The human gut microbiome plays a fundamental role in the body, communicating with the brain and maintaining the immune system through the gut-brain axis. Therefore, it is not entirely unreasonable to suggest that microbes could play an even greater role in our neurobiology.

Fishing for microbes

For years, Irene Salinas He has been fascinated by a simple physiological fact: the distance between the nose and the brain is quite small. The evolutionary immunologist, who works at the University of New Mexico, studies mucosal immune systems in fish to better understand how human versions of these systems, like our intestinal lining and nasal cavity, work. She knows that the nose is loaded with bacteria, and they are “very, very close” to the brain, just a few millimeters from the olfactory bulb, which processes smell. Salinas has always had a feeling that bacteria may be leaking from the nose into the olfactory bulb. After years of curiosity, he decided to confront his suspicions in his favorite model organism: fish.

Salinas and his team began by extracting DNA from the olfactory bulbs of trout and salmon, some caught in the wild and others raised in his lab. (Amir Mani, the lead author of the paper, made important contributions to the research.) They planned to search the DNA sequences in a database to identify any microbial species.

However, these types of samples are easily contaminated (by bacteria in the laboratory or from other parts of a fish’s body), which is why scientists have had difficulty studying this topic effectively. If they found bacterial DNA in the olfactory bulb, they would have to convince themselves and other researchers that it really originated in the brain.

To cover their bases, Salinas’ team also studied the fish’s whole-body microbiomes. They took samples of the rest of the brain, guts and blood of the fish; They even drained blood from the brain’s numerous capillaries to ensure that any bacteria they discovered resided in the brain tissue itself.

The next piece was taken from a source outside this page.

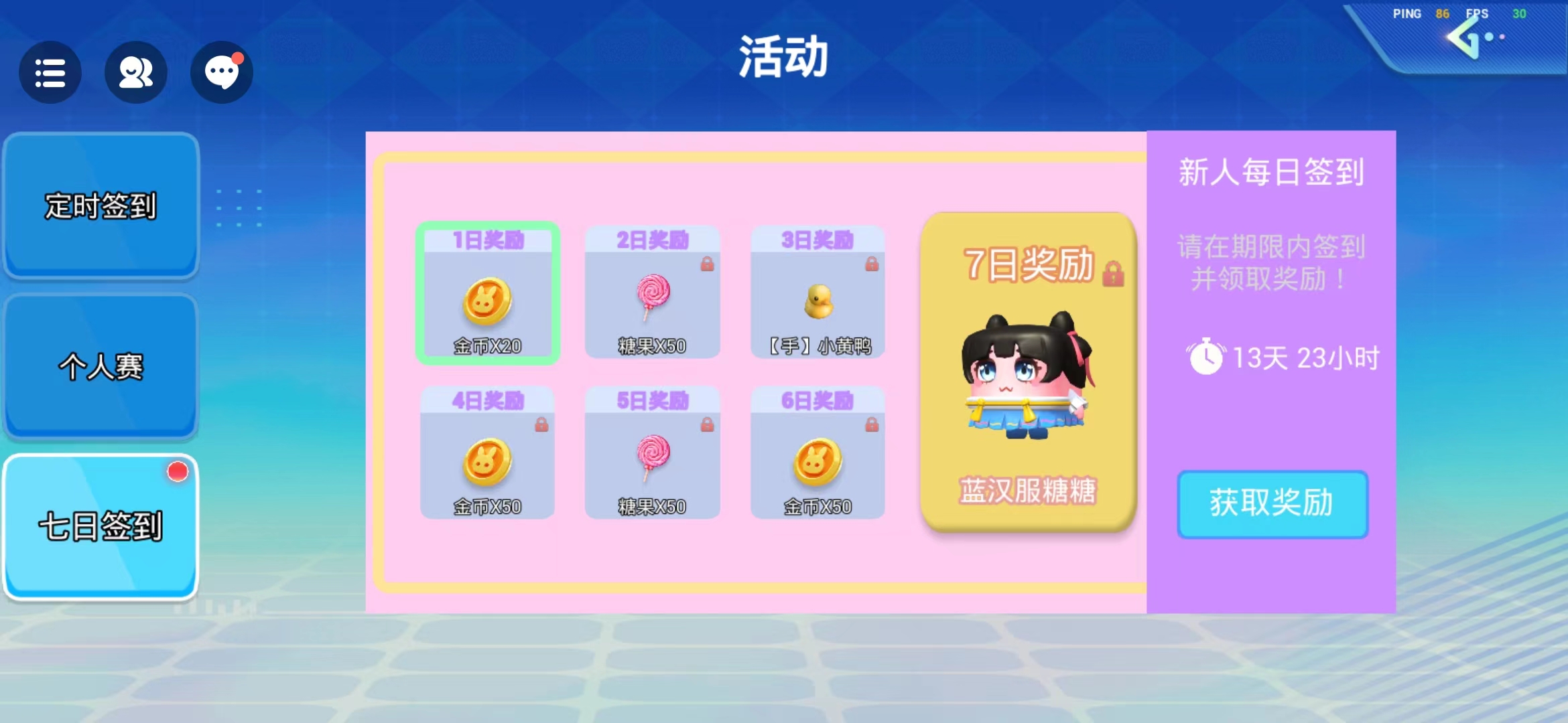 到第7天有超好看的皮肤奖励哦!
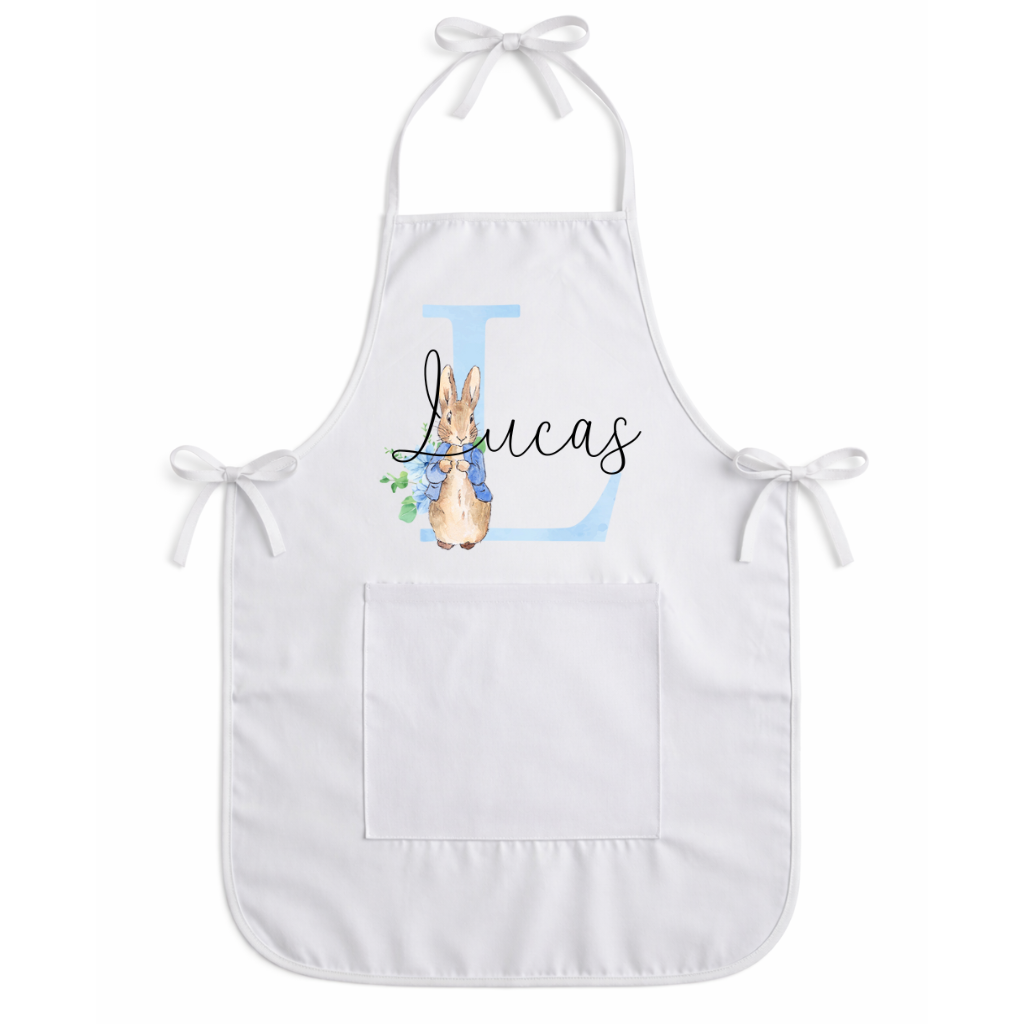 Kommer snart. Personligt børneforklæde (Blå)

“We had to go back and redo (the experiments) many, many times just to be sure,” Salinas said. The project lasted five years, but already in the first days it was clear that fish brains were not sterile.

As Salinas expected, the olfactory bulb harbored some bacteria. But he was surprised to see that the rest of the brain had even more. “I thought the other parts of the brain wouldn’t have bacteria,” he said. “But it turned out that my hypothesis was wrong.” The fish’s brains contained so much that it only took a few minutes to locate bacterial cells under a microscope. As an additional step, his team confirmed that the microbes were actively living in the brain; They were neither asleep nor dead.

Olm was impressed by his thorough approach. Salinas and his team circled “the same question, in all these different ways, using all these different methods, all of which produced compelling data that there are actually living microbes in the salmon brain,” he said.

But if there are, how did they get there?

Invading the fortress

Researchers have long been skeptical that the brain has a microbiome because all vertebrates, including fish, have a blood-brain barrier. These blood vessels and surrounding brain cells are strengthened to serve as gatekeepers that allow only a few molecules to enter and leave the brain and keep invaders away, especially larger ones like bacteria. So naturally, Salinas wondered how the brains in his study had been colonized.

By comparing microbial DNA from the brain with that collected from other organs, his lab found a subset of species that did not appear elsewhere in the body. Salinas hypothesized that these species may have colonized the fish’s brains early in their development, before their blood-brain barriers had fully formed. “From the beginning, anything can come in; “It is a pitched battle,” he said.